# Task brief:
What is needed is an exact copy of the lines from the one containing "美国红皮书商业零售同比增速回落。 1 月" through the last line of the records below, with no pictures.

* * * * *

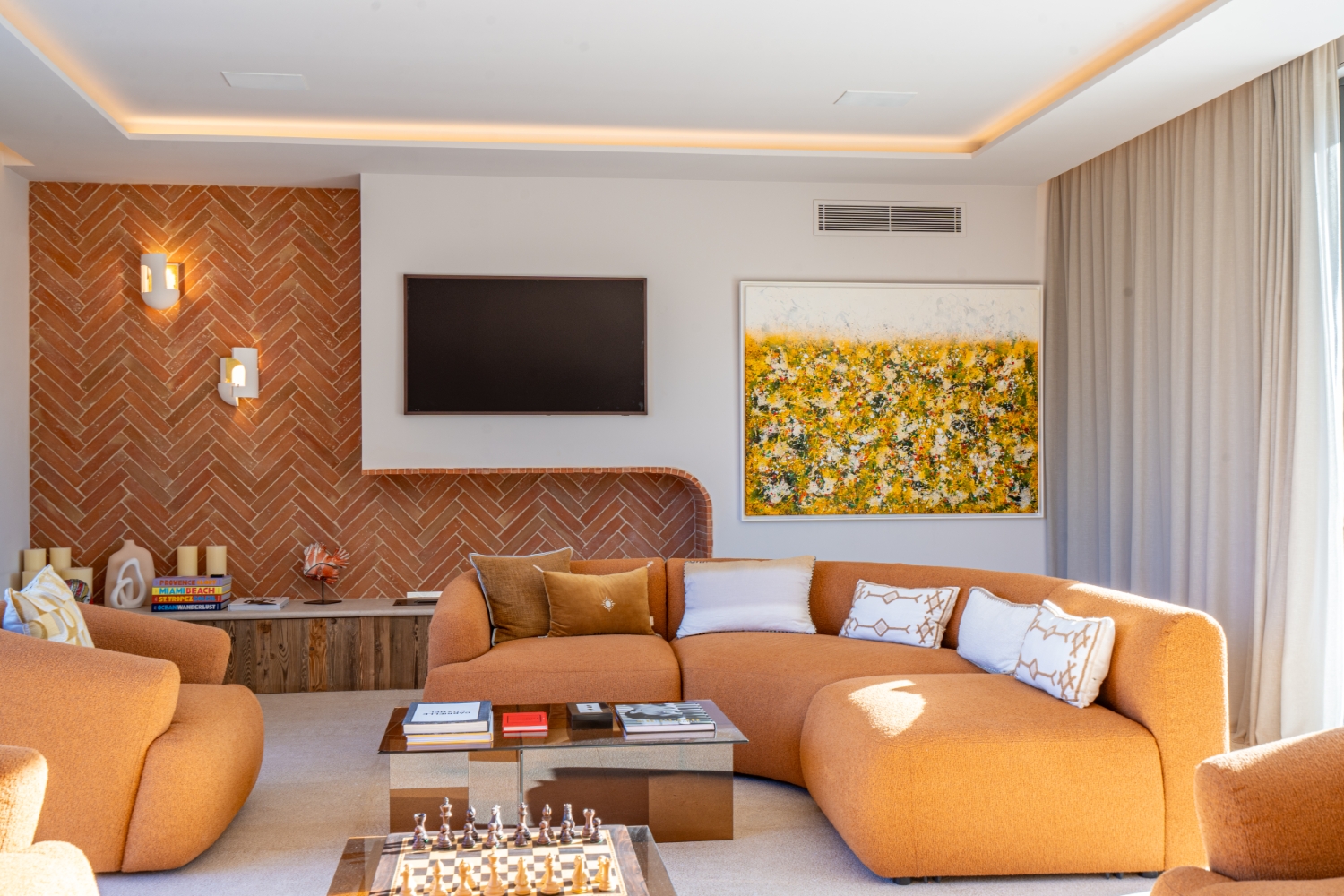 From the moment you arrive, you’ll be charmed by Villa Montana’s blend of contemporary and traditional elements from the South of France, such as stone cladding. Inside, every living space benefits from abundant natural light thanks to the omnipresent Tropezian sunshine. The generous volumes and spaciousness of the villa are enhanced by a refined decor, playing with shades of colour reminiscent of the emblematic “Terre d’Hermès”, such as sienna and terracotta, which echo the immaculate white. These hues, combined with soft, organic materials, give the villa a unique character. Through the choice of colors and fabrics, furniture and every ornament, interior designer Cécile Schwartz has created an ode to refinement and discretion.
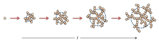 Pictorial description of the growth of a fractal colloidal aggregate. The mass and the gyration radius of the aggregate both increase with time, and they scale as , where is the mass fractal dimension of the aggregate. Picture reproduced with permission from Ref. [18].
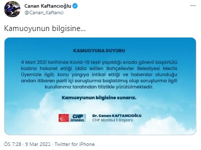 CHP İstanbul İl Başkanı Canan Kaftancıoğlu, “4 Mart 2021 tarihinde Covid-19 testi yapıldığı sırada görevli başörtülü kadına hakaret ettiği iddia edilen Bahçelievler Belediyesi Meclis Üyemizle ilgili parti içi soruşturma başlatıldı” açıklaması yaptı.
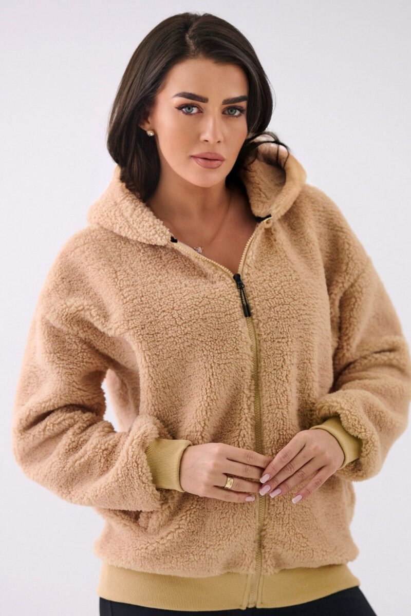 Casual women’s sweatshirt in the style of a “sheep” is the perfect choice for everyday wear on cooler days. Made of soft and pleasant to the touch polyester, it provides comfort and a pleasant feeling of warmth. A model of standard length with long sleeves, equipped with a practical hood protecting against wind and cold. The sweatshirt fastens with a zipper, which increases usability and allows for easy styling adjustment. Additional advantages are the ribbing at the bottom and at the sleeves, which improve fit and prevent heat loss. The smooth pattern gives the sweatshirt a universal character, and the slip pockets are a functional addition for small items or warming hands. Ideal for everyday, casual outfits.
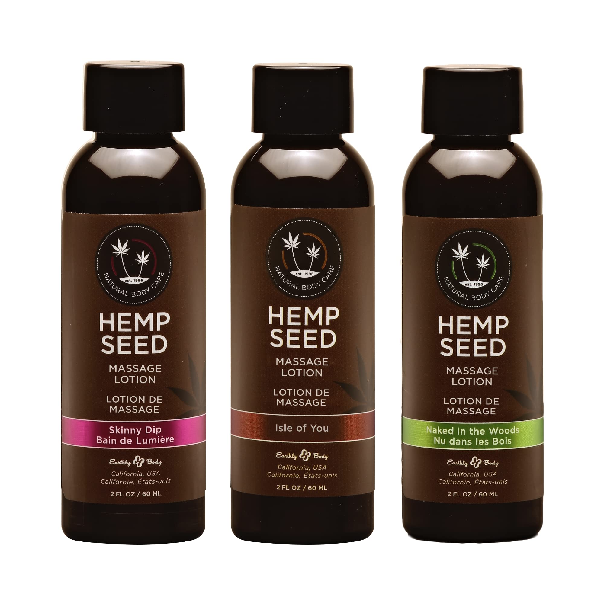 Q: What scents are included in the Hemp Seed Massage Lotion Gift Set?A: The set includes three delightful scents: Isle of You, Skinny Dip, and Naked in The Woods.
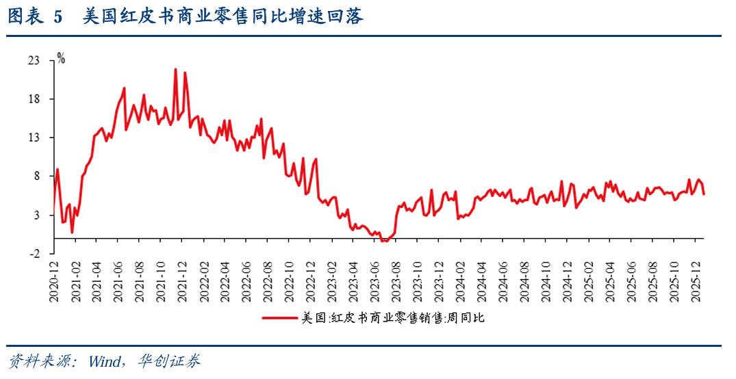 美国红皮书商业零售同比增速回落。 1 月 9 日当周,美国红皮书商业零售同比为 5.7% , 四周移动平均为 6.9% ; 前一周为 7.1% ,四周移动平均为 7.0% 。
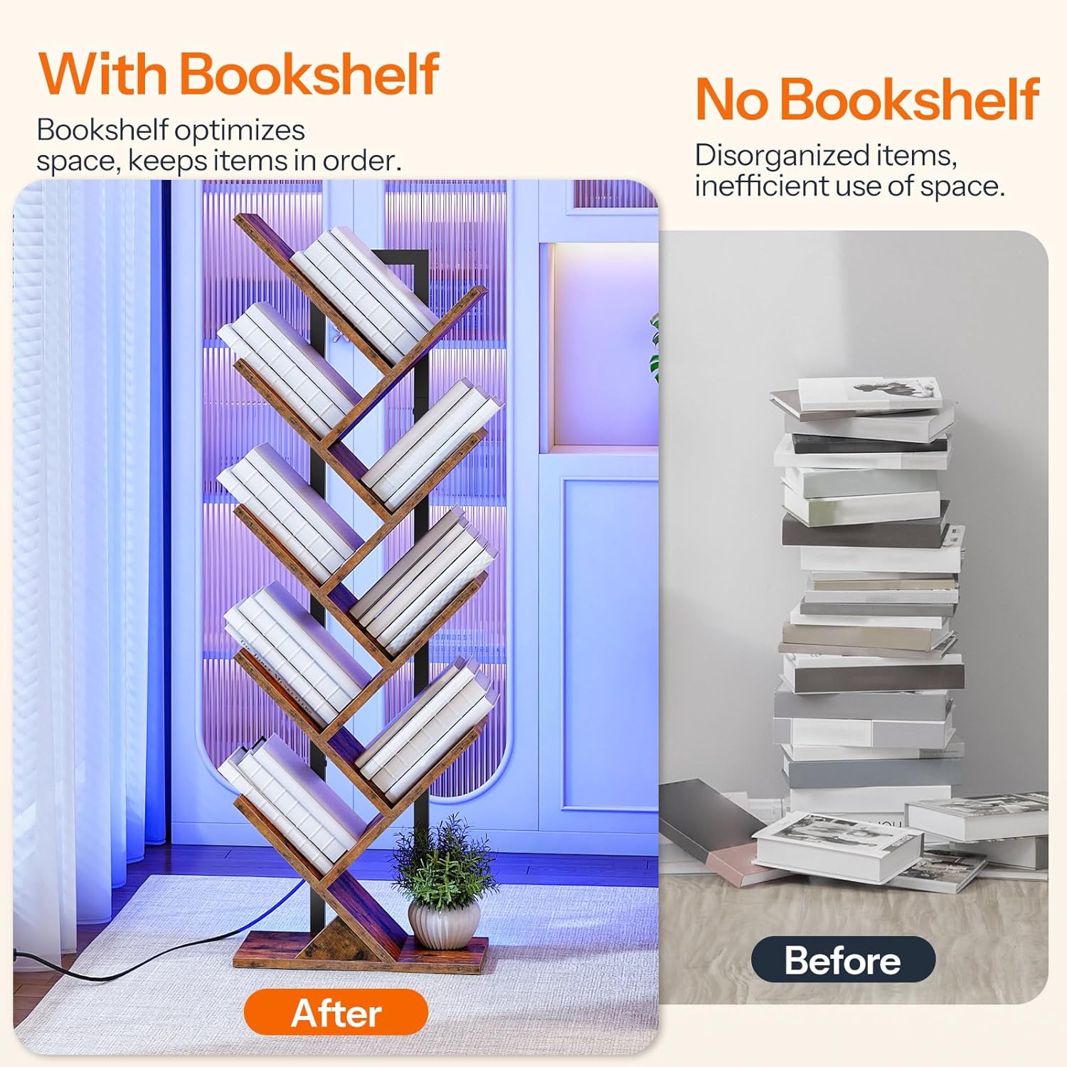 - Space-Saving, Organize with Ease: Despite its sleek design, this 9-tier tree bookshelf with 9 shelves can hold 5-10 books per shelf, helping keep your books, magazines, and collectibles neatly organized without taking up too much room
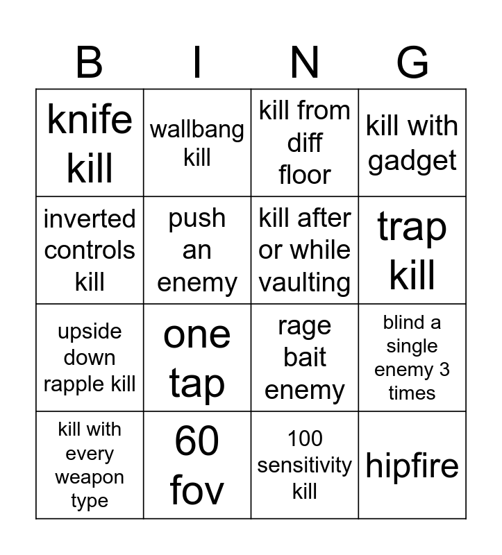 This bingo card has 18 words: one tap, hipfire, kill from diff floor, knife kill, rage bait enemy, kill with gadget, kill with every weapon type, wallbang kill, trap kill, upside down rapple kill, 100 sensitivity kill, inverted controls kill, blind a single enemy 3 times, push an enemy, kill after or while vaulting, visit every site and get a kill, 60 fov and 0 brightness.
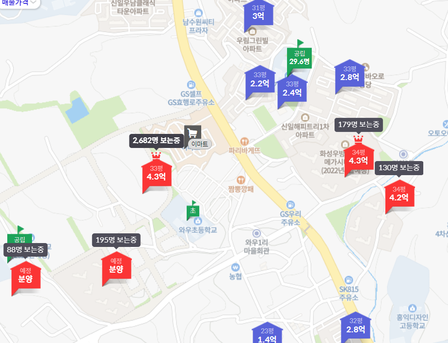 봉담자이라피네 분양가는 59형 3.3억 84형 4.3억 101형 5.1억 109형 7.3억으로 평형대가 다양하다. 주변시세로 10~20년 차 정도인 구축은 30평대 2억 중후반으로 형성되어있고 22년 4월 입주예정인 화성아이유쉘 메가시티 1차 2차 분양권 거래가가 84형 4.2억으로 형성되어있다. 주변 단지 구축 아파트에 비해서 가격이 높은 편이고 신축 아파트 가격대와 비슷한 정도 수준이다. 바로 옆 봉담 파라곤도 청약 예정이라 실거주하실 분들은 비교해서 보고 있다. 고민해보고 청약한다면 다음 주 월요일 24일 특별공급부터 시작하니 준비해 보자.
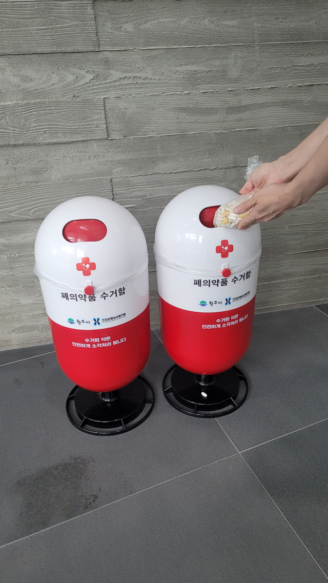 처리 방법을 고민하던 찰나 박씨는 ‘폐의약품 안심처리 사업’에 대해 알게 됐다. 최근 의약품으로 인한 전국 토양 및 하천오염 등 생태계 파괴가 심각해짐에 따라 건강보험심사평가원은 빨강색과 흰색으로 이루어진 알약 모양의 수거함을 곳곳에 배치하고 원주시내 모든 약국에 배포된 파란색 수거함을 통해 폐의약품을 수거‧소각하고 있다.

* * * * *

# Solution to this problem:
 美国红皮书商业零售同比增速回落。 1 月 9 日当周,美国红皮书商业零售同比为 5.7% , 四周移动平均为 6.9% ; 前一周为 7.1% ,四周移动平均为 7.0% 。
 - Space-Saving, Organize with Ease: Despite its sleek design, this 9-tier tree bookshelf with 9 shelves can hold 5-10 books per shelf, helping keep your books, magazines, and collectibles neatly organized without taking up too much room
 This bingo card has 18 words: one tap, hipfire, kill from diff floor, knife kill, rage bait enemy, kill with gadget, kill with every weapon type, wallbang kill, trap kill, upside down rapple kill, 100 sensitivity kill, inverted controls kill, blind a single enemy 3 times, push an enemy, kill after or while vaulting, visit every site and get a kill, 60 fov and 0 brightness.
 봉담자이라피네 분양가는 59형 3.3억 84형 4.3억 101형 5.1억 109형 7.3억으로 평형대가 다양하다. 주변시세로 10~20년 차 정도인 구축은 30평대 2억 중후반으로 형성되어있고 22년 4월 입주예정인 화성아이유쉘 메가시티 1차 2차 분양권 거래가가 84형 4.2억으로 형성되어있다. 주변 단지 구축 아파트에 비해서 가격이 높은 편이고 신축 아파트 가격대와 비슷한 정도 수준이다. 바로 옆 봉담 파라곤도 청약 예정이라 실거주하실 분들은 비교해서 보고 있다. 고민해보고 청약한다면 다음 주 월요일 24일 특별공급부터 시작하니 준비해 보자.
 처리 방법을 고민하던 찰나 박씨는 ‘폐의약품 안심처리 사업’에 대해 알게 됐다. 최근 의약품으로 인한 전국 토양 및 하천오염 등 생태계 파괴가 심각해짐에 따라 건강보험심사평가원은 빨강색과 흰색으로 이루어진 알약 모양의 수거함을 곳곳에 배치하고 원주시내 모든 약국에 배포된 파란색 수거함을 통해 폐의약품을 수거‧소각하고 있다.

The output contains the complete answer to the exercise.